Когда обесцениваются святые, и Площадь Библейских Царей в Тель-Авиве или Площадь Звезды в Париже называются в честь политических функционеров для подкрепления тех или иных политических небылиц, то это есть не что иное, как чадный туман исторической фальсификации, который не может быть вечным, но когда обесценивается первая в мировой истории профессия, то это уже свидетельствует об утрате физиологических соков человеком нашей эпохи и нашей среды. А без телесного в чем держится душа? Я видел объявление о защите диссертации "Социальный и возрастной состав посетителей публичных домов Вены на примере трех учреждений". Есть, конечно, разные учреждения. Бар в центре, публичный дом "Опиум" ─ дорогие бляди в наброшенных на голое тело одеяниях, лобки заклеены чуть-чуть в самом том месте серебряными треугольничками и прямоугольничками. Блядь в пеньюаре прижимает к просвечивающей груди кошку. Стоимость входа ─ 1000 шиллингов. Тут же, неподалеку ─ церковная организация, фотографии голых тел, антиэротика, негритянские дети-скелеты.
Картнерштрассе ─ Рождество, теплое Рождество, солнечное, голубое небо. Рождество и Новый год встречают в пиджаках и весенних платьях. И вдруг ─ нищий. Не чистый венский нищий, а точно из России ─ рюкзачок за плечами, плоский нос, старый летный шлем на голове. Кто он? Ему наплевать на Картнерштрассе, он роется в изящных мусорниках. У него мутные, нечистые, но незлые глаза. Он бродяга. У него на груди крест. Я видел его потом в Святом Стефане. Он тоже, как и я, сидел молча и молился. Может, он пришел сюда просто передохнуть внутри, в прохладе огромного человеческого скелета из слоновой кости, или у него тоже молитва к Богу в эпистолярном жанре? Какое письмо он пишет Богу? Он ни за что не скажет, а воспроизвести невозможно даже Льву Толстому или Сервантесу.
Да и в словах ли дело? Слова и образы могут быть самые обычные. Важно освещение ─ то, в чем проявилось высокое новаторство Рембрандта. Портрет Саскии, портрет любви... Я вывез на Запад семью, но я не вывез любовь; вместо любви ─ сын-мальчик. Это, конечно, в некотором смысле, компенсация. Но, все-таки, вспоминаются чудесные строки Гейне:
Драматургия освещения, драматургия света. Синагога ─ дом Книги. Но скульптура и живопись, краски и камни ─ это Святой Стефан, это Кельнский собор, это ─ даже менее известная Мраморная церковь в Копенгагене. В Мраморной церкви Копенгагена я сидел и слушал проповедь священника на непонятном мне датском языке ─ языке королей и принцев Гамлетов.
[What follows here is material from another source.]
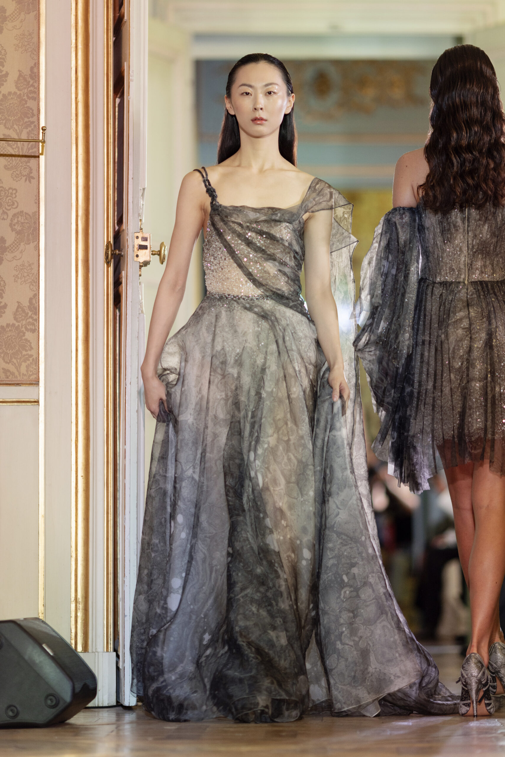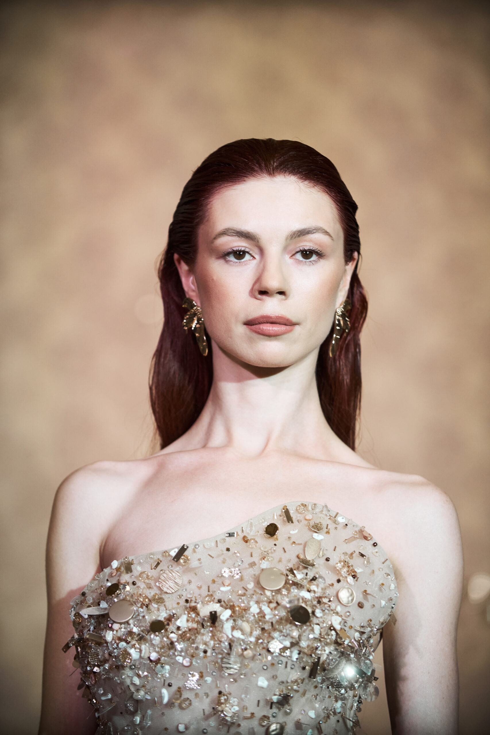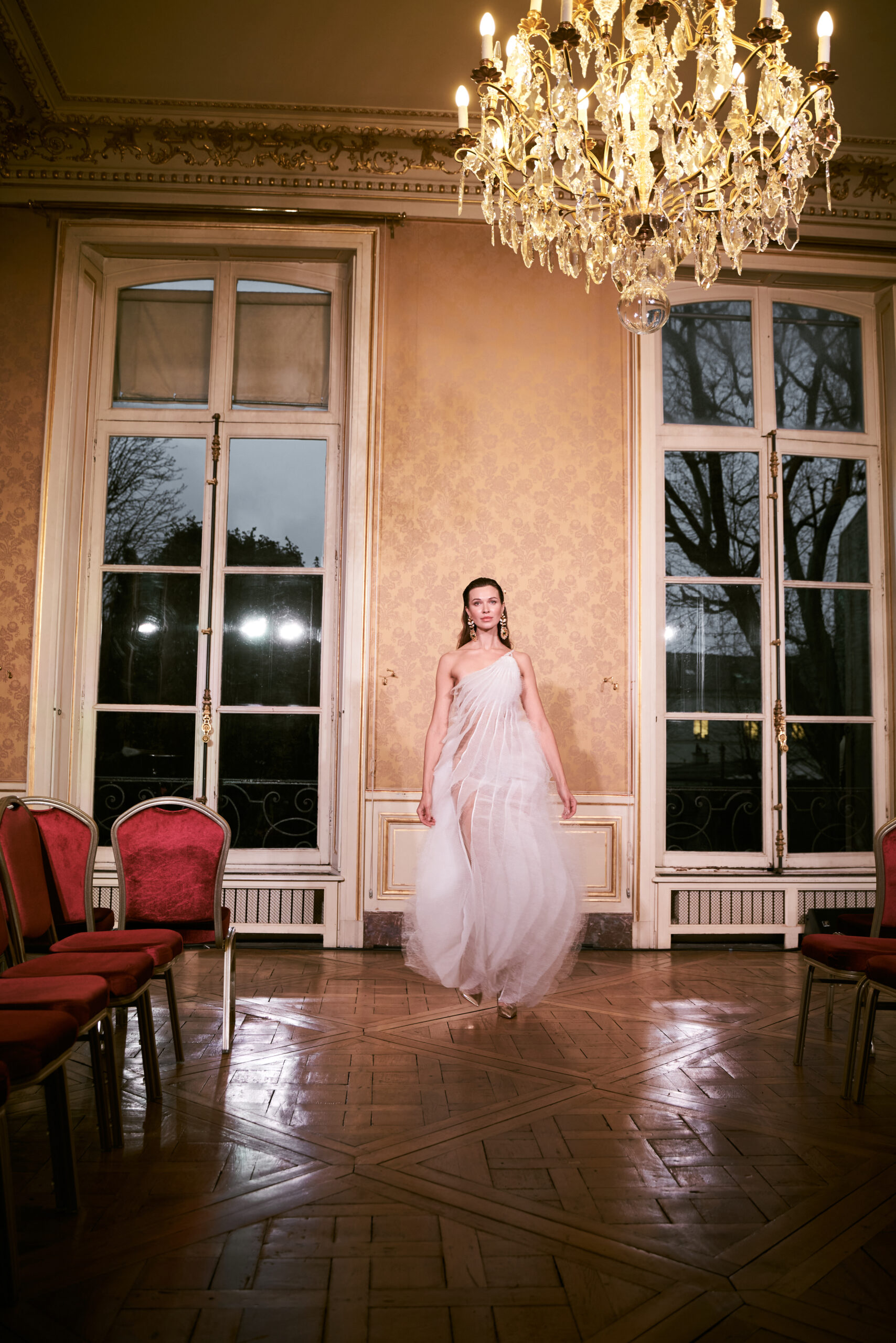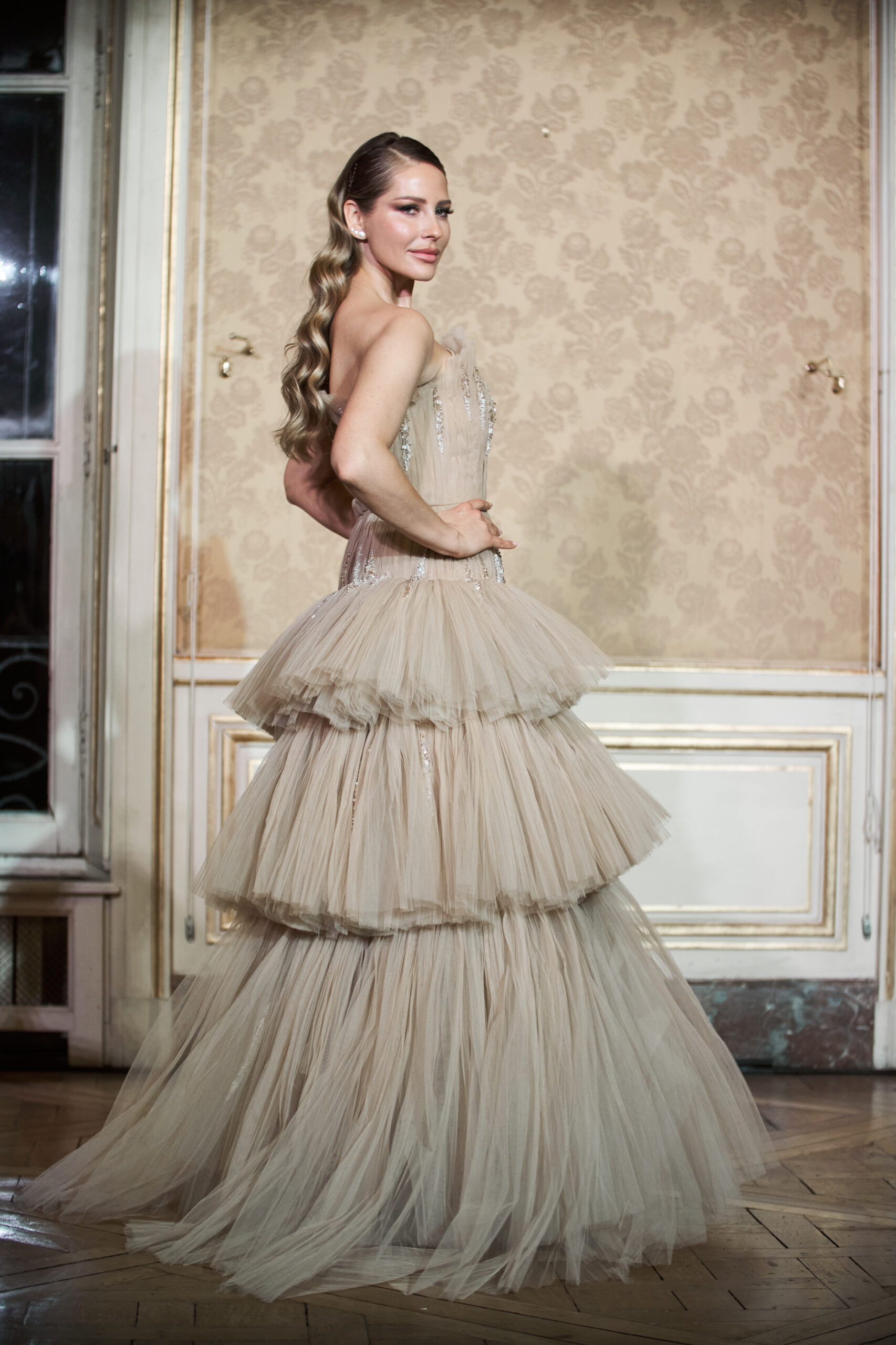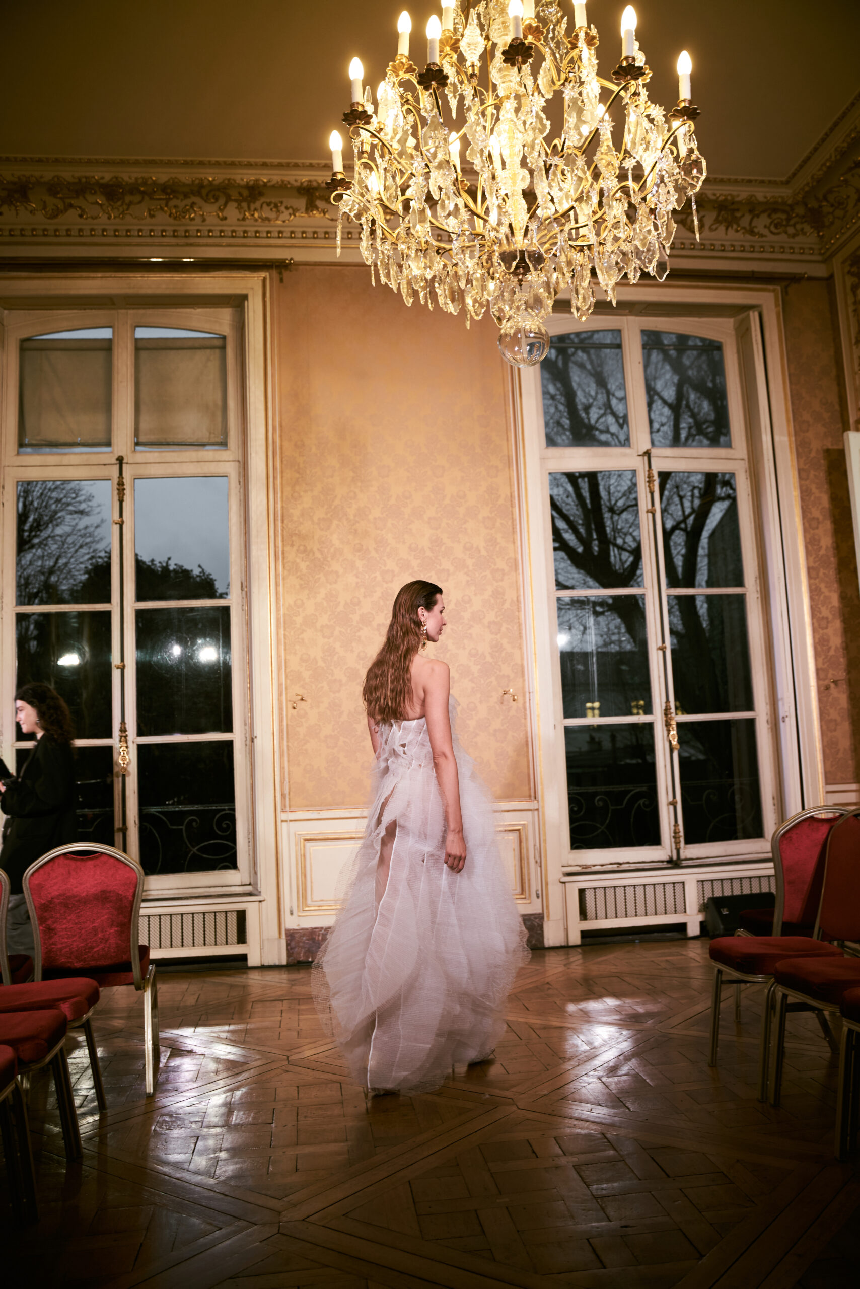 Veronika Jeanvie a clôturé la deuxième journée avec sa collection capsule nuptiale, reflétant les temps changeants et l’amour persistant, inspirée par les paysages parisiens et marquée par une performance émouvante de la prima ballerina Liudmila Konovalova du Ballet de l’État de Vienne.

Тут надо дополнить ─ Мраморная церковь Копенгагена расположена неподалеку от королевского дворца. Когда замок королей был в городке неподалеку от Копенгагена ─ Хельсинхор, который Шекспир неточно назвал Эльсинор, заимствуя из неточного французского перевода. Хельсинхор ─ городок, расположенный на берегу узкого пролива, отделяющего Данию от Швеции, через который за одну ночь датские христиане спасли своих еврейских сограждан от немецких христиан, в отличие от латышских, литовских, украинских и прочих "братьев по вере". Дело, значит, не только и не столько в вере, сколько в том самом рембрандтовском Божьем освещении. Философ и атеист Гамлет, правда, понимает эти проблемы несколько иначе. "Что нового, ребята?" ─ спрашивает он Гильденстерна и Розенкранца. "Ничего нового, если не считать, что в мире завелась совесть". "Значит, конец света", ─ отвечает Гамлет.
Нацизм, в отличие от большевизма в России, не тронул национальной структуры немцев, не разрушил нажитую веками психологию и материальные навыки. Он возвысил национальную гордость немцев, всего лишь освободив их от тяжелых вериг совести. Национал-социалистический пророк Гитлер вывел немецкий народ из Божьего рабства и превратил его в лишенных совести вольных разбойников. Поэтому немецкая и интернациональная чернь, в основном из низов и среднего сословия, которой особенно обременительно Божье рабство, молилась и будет еще века молиться своему пророку-избавителю, но эта молитва не успокоит, а сделает ее еще более злобной и неврастеничной. Только Божьи вериги совести могут успокоить. Рай человека ─ его спокойная совесть. Иного рая нет. В блаженный легкий рай я не верю, да и само сознание ─ в жизни тяжелая ноша. Потеря сознания приносит облегчение. В Мраморной церкви Копенгагена я сидел и слушал проповедь на непонятном языке. Я понял только два слова из длинной проповеди датского пастора. Первое слово ─ Христос, второе слово ─ Аушвиц.